*** Data provided ***

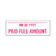 Este design de carimbo básico contém as mensagens "NÚMERO DE CHEIO PAGO" e uma linha onde uma data de pagamento pode ser escrita. Talvez possa ser usado para indicar que uma fatura ou fatura foi paga em cheio.
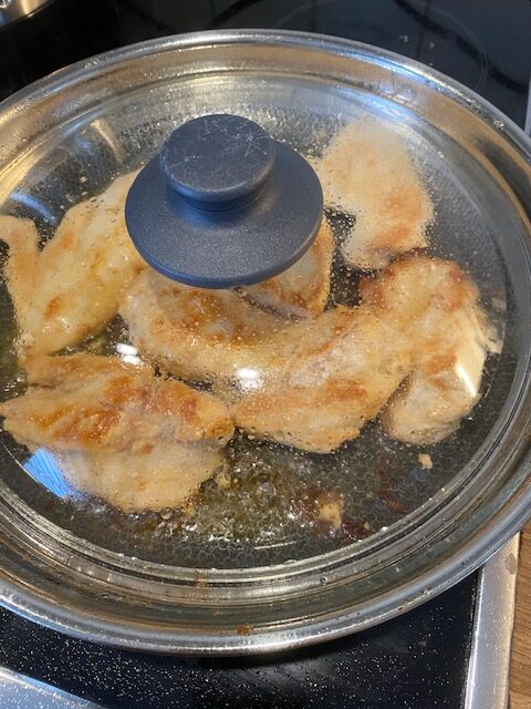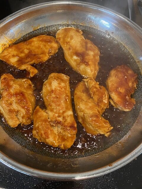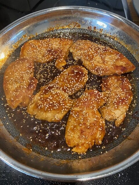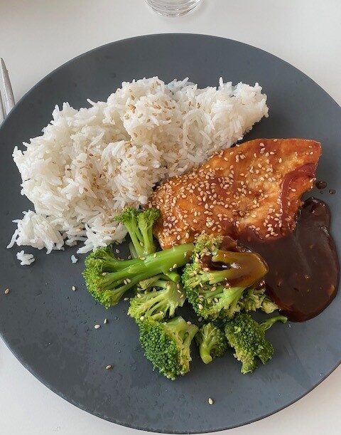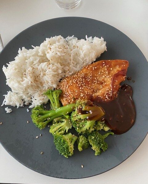 Vi kokar riset i en riskokare så det startar vi först och sen är det klart i lagom tid. Broccolin kör vi sist i micron. Dela filéerna längsmed så det blir två tunna filéer. Stek i smör eller olja, vilket ni själva föredrar, på medelhög värme. Inga kryddor! När filéerna är klar så sänker ni värmen och häller på teriyaki efter smak och vänder runt filéerna tills dom är helt täckta och det finns lite sås extra.
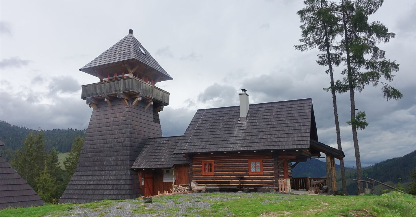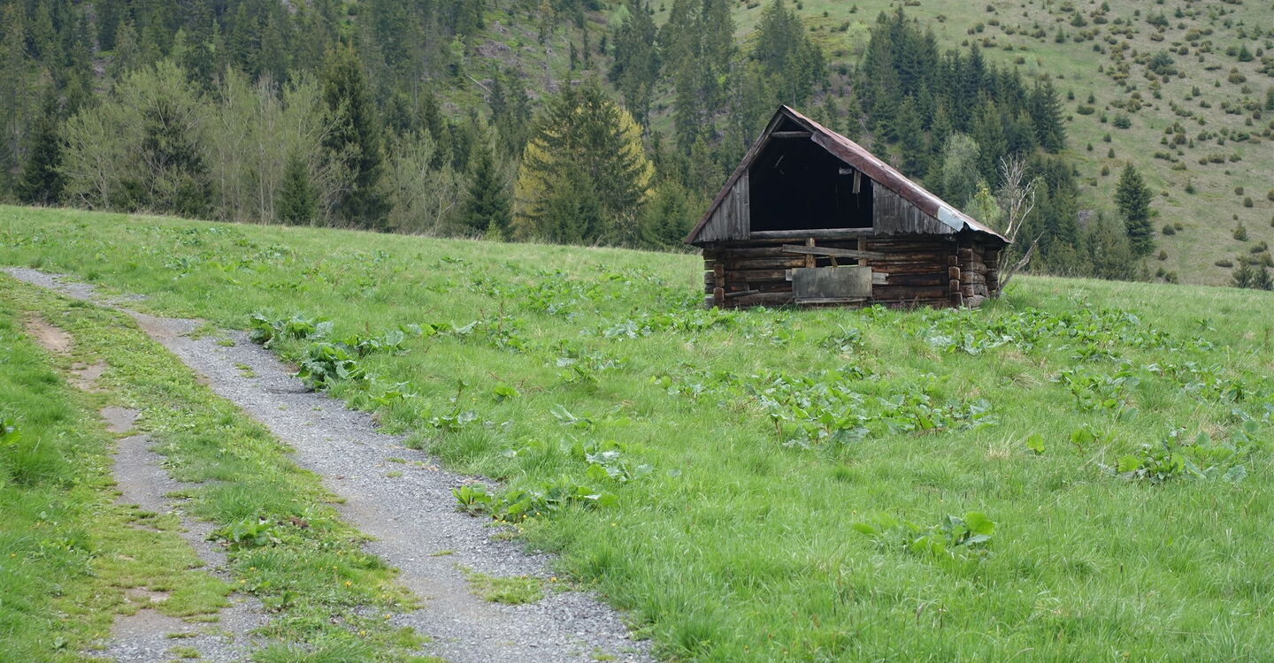 Nach kurzem Aufstieg sieht man bereits in der Ferne den Aussichtsturm 02 Rozhľadňa na Krajčovom vrchu (980 m). Nach einer Besichtigung gehen wir von dort auf einer Piste in westliche Richtung, rechts vorbei an drei verfallenen Ställen, wie sie überall auf den umliegenden Wiesen verstreut liegen – sie gehören zu den Besonderheiten der Region.

*** End of Data provided ***

Required action: Leaving the pictures aside, copy exactly and only the lines from the one holding "Vi kokar riset" through the final line of the data, both ends kept.

Answer box:
 Vi kokar riset i en riskokare så det startar vi först och sen är det klart i lagom tid. Broccolin kör vi sist i micron. Dela filéerna längsmed så det blir två tunna filéer. Stek i smör eller olja, vilket ni själva föredrar, på medelhög värme. Inga kryddor! När filéerna är klar så sänker ni värmen och häller på teriyaki efter smak och vänder runt filéerna tills dom är helt täckta och det finns lite sås extra.
 Nach kurzem Aufstieg sieht man bereits in der Ferne den Aussichtsturm 02 Rozhľadňa na Krajčovom vrchu (980 m). Nach einer Besichtigung gehen wir von dort auf einer Piste in westliche Richtung, rechts vorbei an drei verfallenen Ställen, wie sie überall auf den umliegenden Wiesen verstreut liegen – sie gehören zu den Besonderheiten der Region.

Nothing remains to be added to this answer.